Before engaging the idea of sfumato, however, I want to express publicly my high regard for John O'Brien, both as a professional and as a person, and address three matters about “actinic granuloma” that are smoky to me. Al-Hoqail et al. acknowledged, at the outset of their piece, that the “clinical features of AG are often indistinguishable from those of classic GA.” In short, so-called actinic granuloma is not distinguishable from granuloma annulare clinically. In regard to histopathologic findings, even a cursory glance at their Table 1, which is devoted to “A comparison of histologic features of actinic granuloma and granuloma annulare,” reveals striking overlap in each of the parameters assessed by them, to wit, multinucleated giant cells, mucin, type of granuloma, and location of granuloma. The differences between the “two” conditions in terms of histopathologic attributes are negligible. In brief, “actinic granuloma” has not been shown compellingly to be readily distinguishable from granuloma annulare histopathologically. In sum, in regard to “actinic granuloma” on morphologic grounds, that is, clinically and histopathologically, “If it looks like a duck, walks like a duck . . .” The duck in this case is granuloma annulare.
The authors quote O'Brien in regard to pathogenesis of actinic granuloma thus: “. . . it represents an inflammatory reaction in response to actinically degenerate elastotic tissue” and they aver that their own study by conventional microscopy “provides insight into pathogenetic mechanisms” of actinic granuloma and this is how: “. . . the sarcoidal granulomata and multinucleated giant cells of AG suggest an inflammatory response directed toward smaller materials, such as individual elastic fibers, that are more readily destroyed to the point where they are no longer visible by light microscopy. The confinement of the inflammatory reaction to the superficial dermis, corresponding to the zone of solar elastosis, supports the original hypothesis that elastotic material altered by chronic sun exposure is the specific target in this disorder.” In the last sentence, a reader should take note carefully of the word “hypothesis”; everything in the last two sentences quoted is mere supposition, devoid of even a jot of evidence in support of it.
Before coming to the thought that I hope will satisfy the criteria of the Editor for sfumato, I want to alert modern dermatologists, general pathologists, and dermatopathologists to what I was taught in 1966 by Drs.
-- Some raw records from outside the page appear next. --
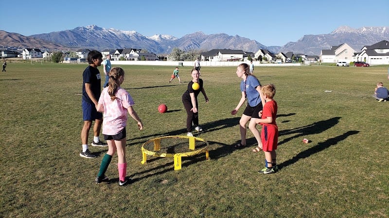 Osier Park in Lehi sits alongside a reservoir and offers a large grassy area ideal for lawn games and picnics, though it doesn't have playground equipment. The park includes a covered pavilion with picnic tables and seasonal restrooms, making it a straightforward spot for family gatherings or a casual afternoon outdoors. With plenty of shade available and accessible facilities, it's a relaxed option for those who prefer open space over structured play areas.
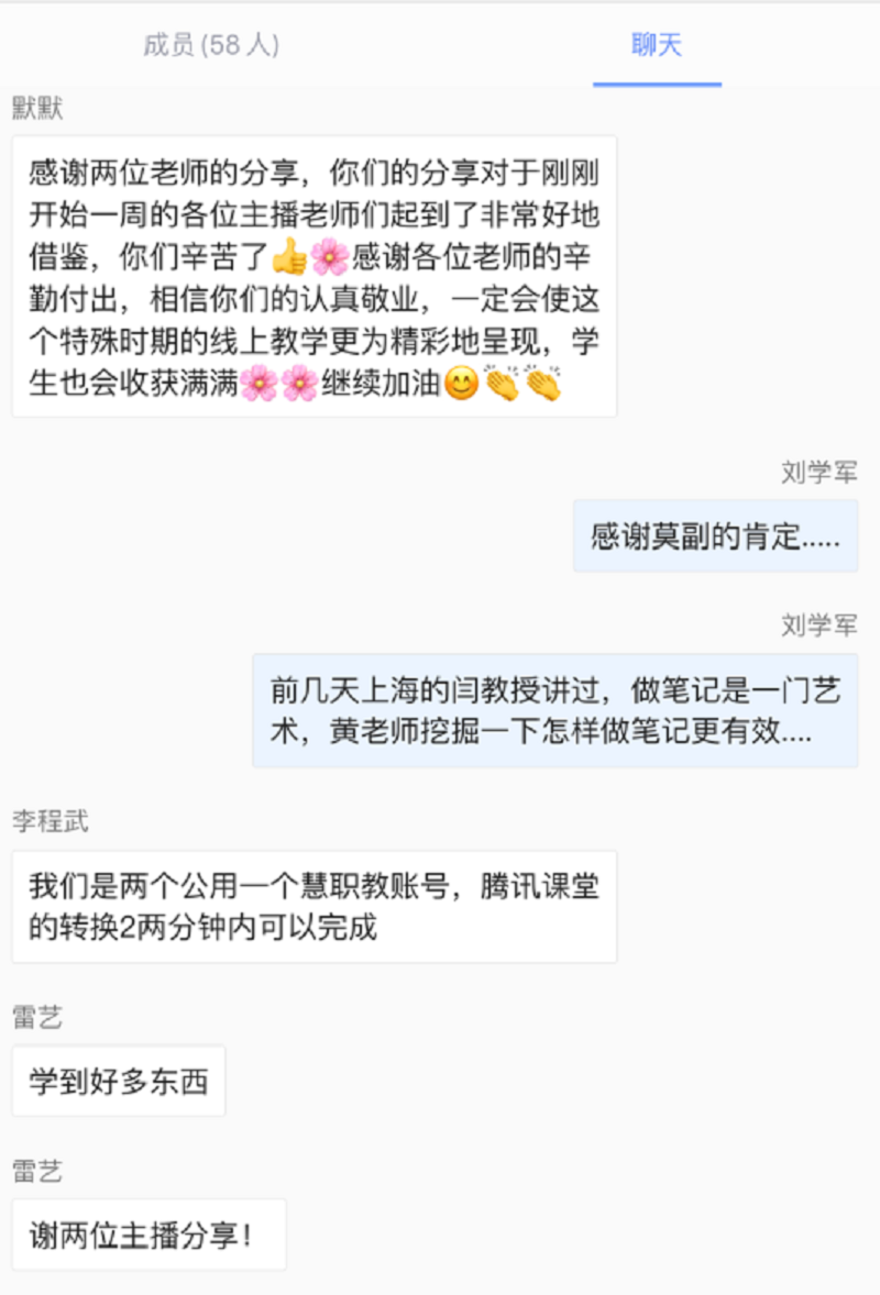 分享环节结束后,大家在线上教学平台的选择与应用、课堂讨论与师生互动环节的设置、作业的布置、课程思政等方面开展了进一步的探讨与交流。参与活动的教师们感到受益匪浅,大家共同取长补短,进一步坚定了做好线上教学的信心。
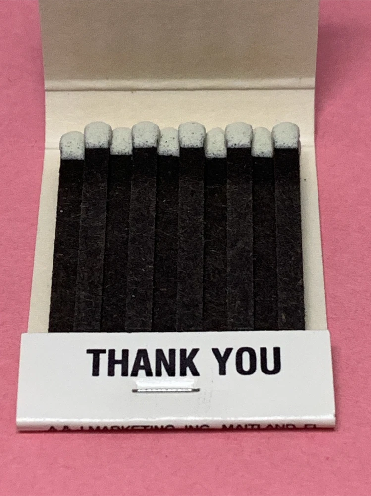 We recently purchased the entire matchbook collection from the estate of Fred Houk, A central Florida collector with over 250,000 matchbooks, covers and boxes in his collection! Google him, you will find dozens of newspaper articles and interviews about his extensive collection! We will be adding listings daily! The matchbook pictured is the exact matchbook you will receive. Please view the pictures carefully for the best description of condition. Your matchbook will be shipped in a coroplast sleeve that is crush proof and weather resistant. The package will be properly marked for transit. This listing complies with all eBay and USPS rules and regulations. This item is not available for international shipping. Domestic shipping will be via GROUND TRANSPORTATION ONLY.
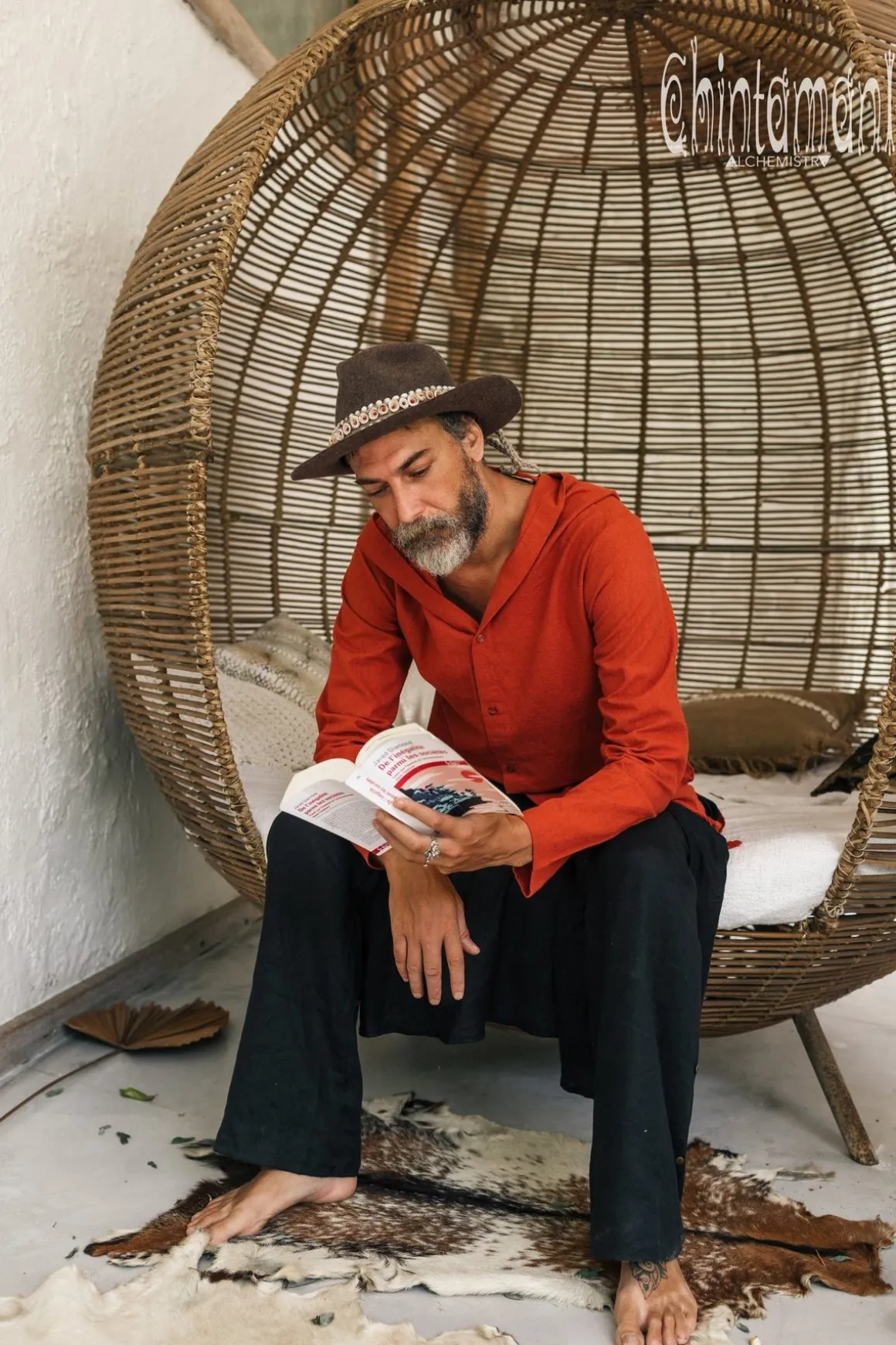 This red ochre hooded shirt for men is a very comfortable piece to wear with jeans or pants in a cooler climate. It has big pilgrim hood, extra long sleeves for coziness and even side pockets! The back is decorated with geometric “worn out” screen printed patterns, to add some artsy twist to this simple and classic model. The hemline is open, so that this piece will combine perfectly with any of your boho wardrobe, be it ethnic trousers, distressed jeans or our beautiful soft Linen pants. Hoody shirt comes in two classic colors – black and white.
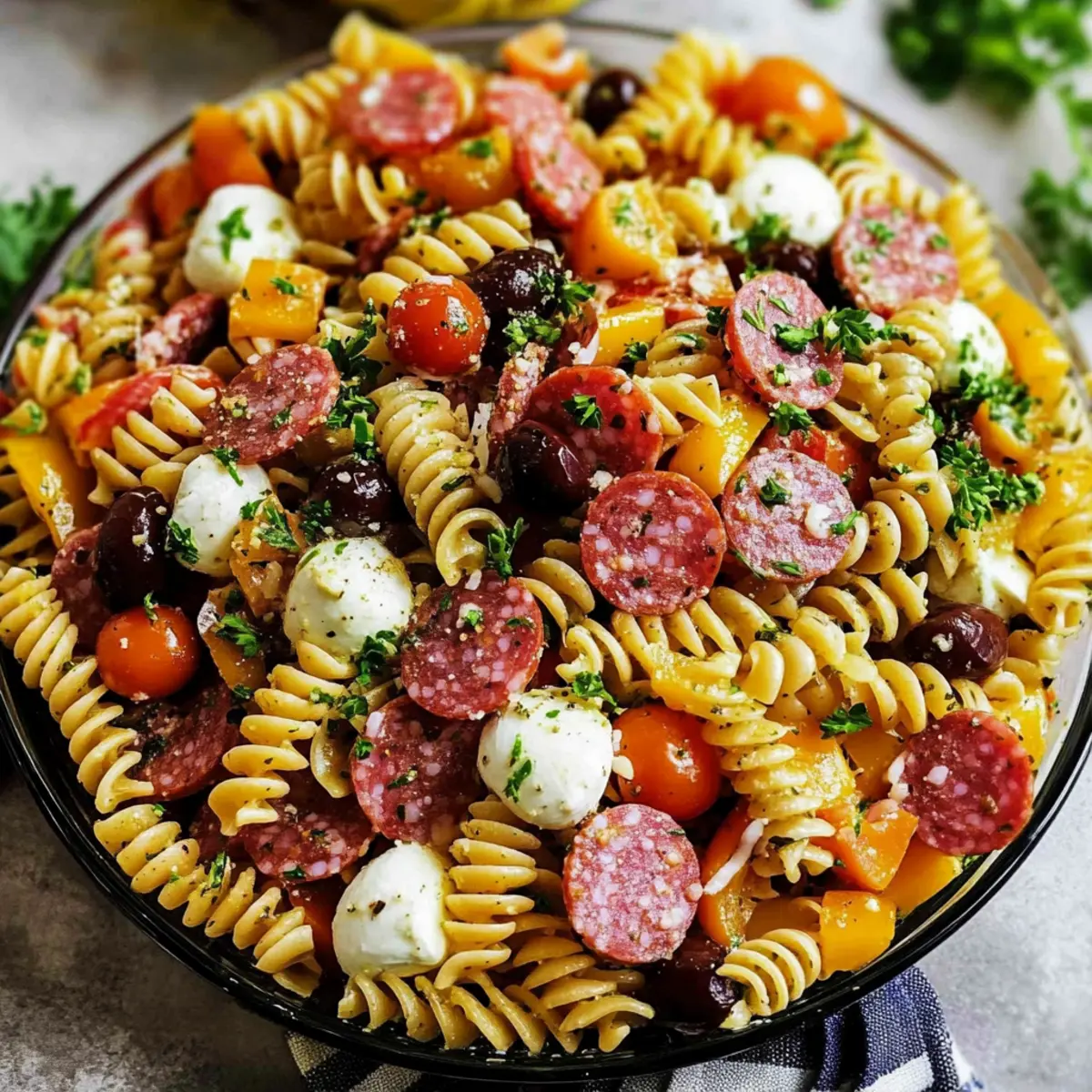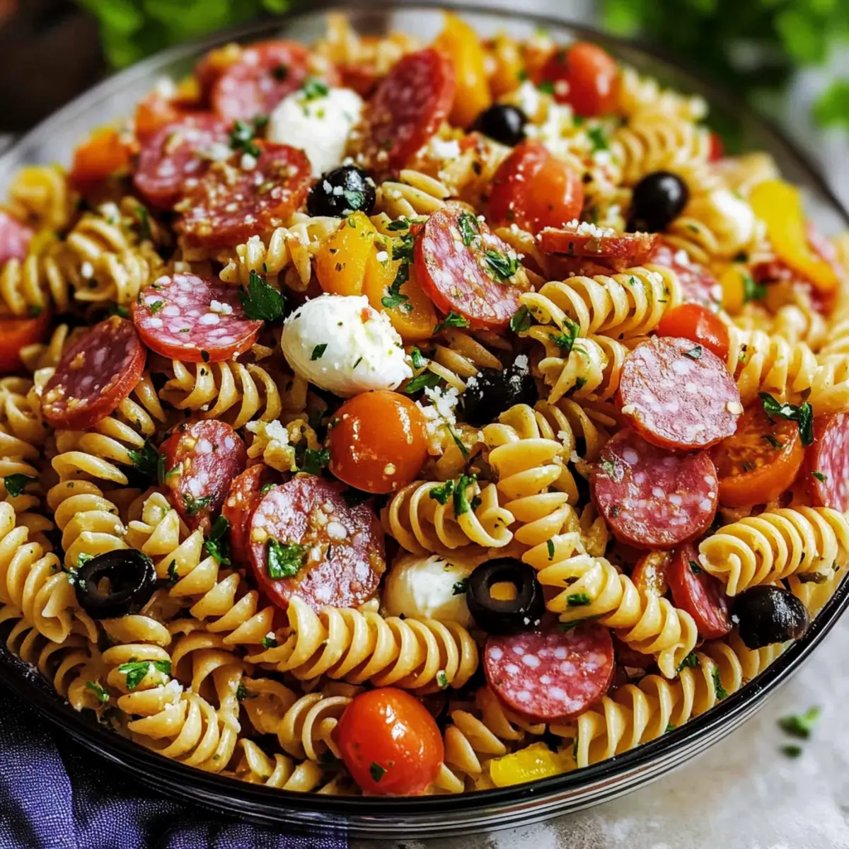 - Fold in 4 ounces each of sliced pepperoni and salami, along with 1 cup of halved cherry tomatoes, ½ cup of black olives, diced orange and green bell peppers, ¼ cup of finely chopped red onion, and a handful of sliced pepperoncini. Stir in 8 ounces of mozzarella pearls.
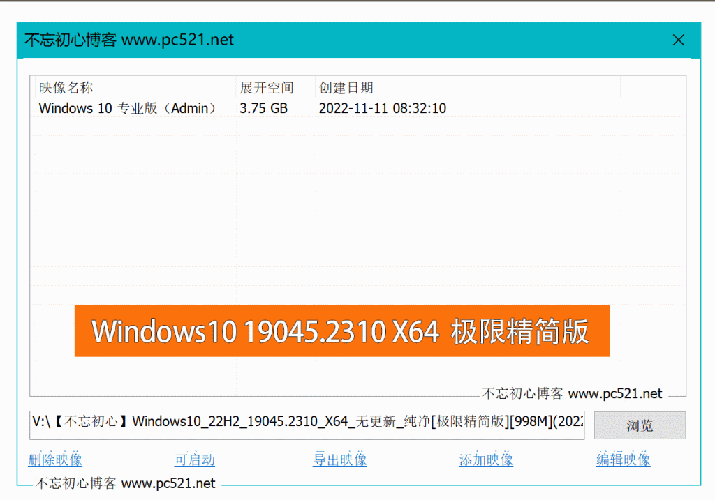 文件名: V:\【不忘初心】Windows10_22H2_19045.2310_X64_无更新_纯净[极限精简版][998M](2022.11.13).esd
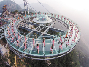 6月20日,瑜伽爱好者在石林峡景区飞碟玻璃观景平台上练习瑜伽。
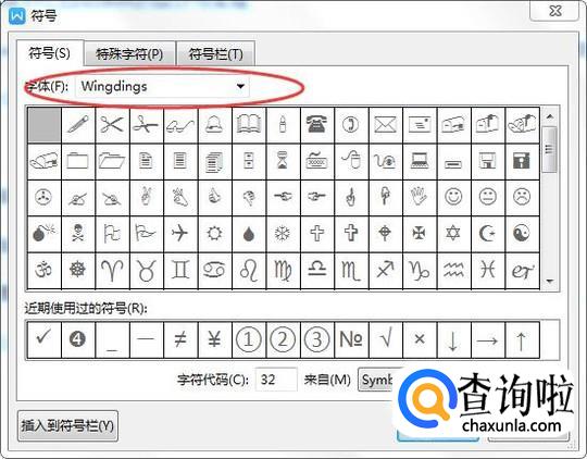 修改字体为【Wingdings】,如下图所示:
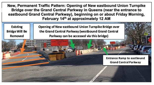 The long awaited bridge for Union Turnpike in Kew Gardens where construction continue to loom will open a new bridge eastbound tomorrow crossing the Grand Central Parkway. More works are to be done as part of the Dept of Transportation's $365 million revamp project of Kew Gardens Interchange. The bridge will open midnight and the public can attend with or without vehicles. This is on eastbound after the courthouse and Queens Blvd.
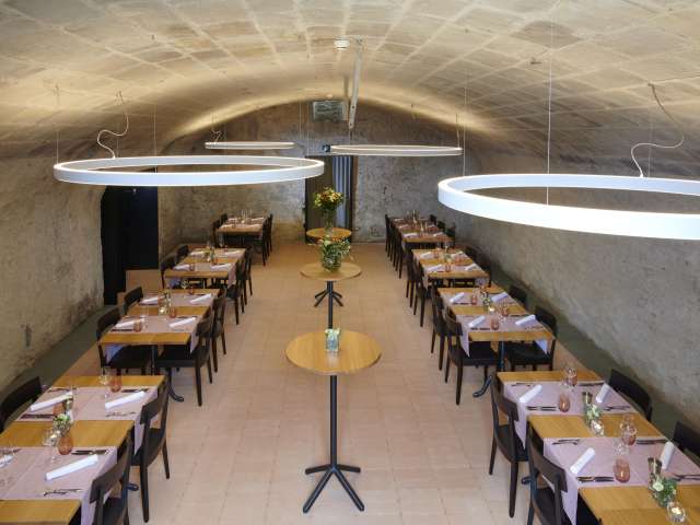 Stein ist nicht gleich Stein – der alte Gewölbekeller wurde zu einem grossen Eventraum für bis zu 100 Personen konzipiert und erstrahlt nach grundlegender Sanierung nun wieder in neuem Glanz.

Herman Beerman and Margaret Wood, the two dermatopathologists at the University of Pennsylvania during the year of residency I spent in the Department of Dermatology there, in regard to the “palisading granulomas.” They said repeatedly that there were four of them, namely, granuloma annulare, necrobiosis lipoidica, rheumatoid nodule, and pseudorheumatoid nodule—and, again and again, that granuloma annulare and necrobiosis lipoidica could not be told apart histopathologically from one another with confidence. Nearly 40 years later, that idea seems antiquated.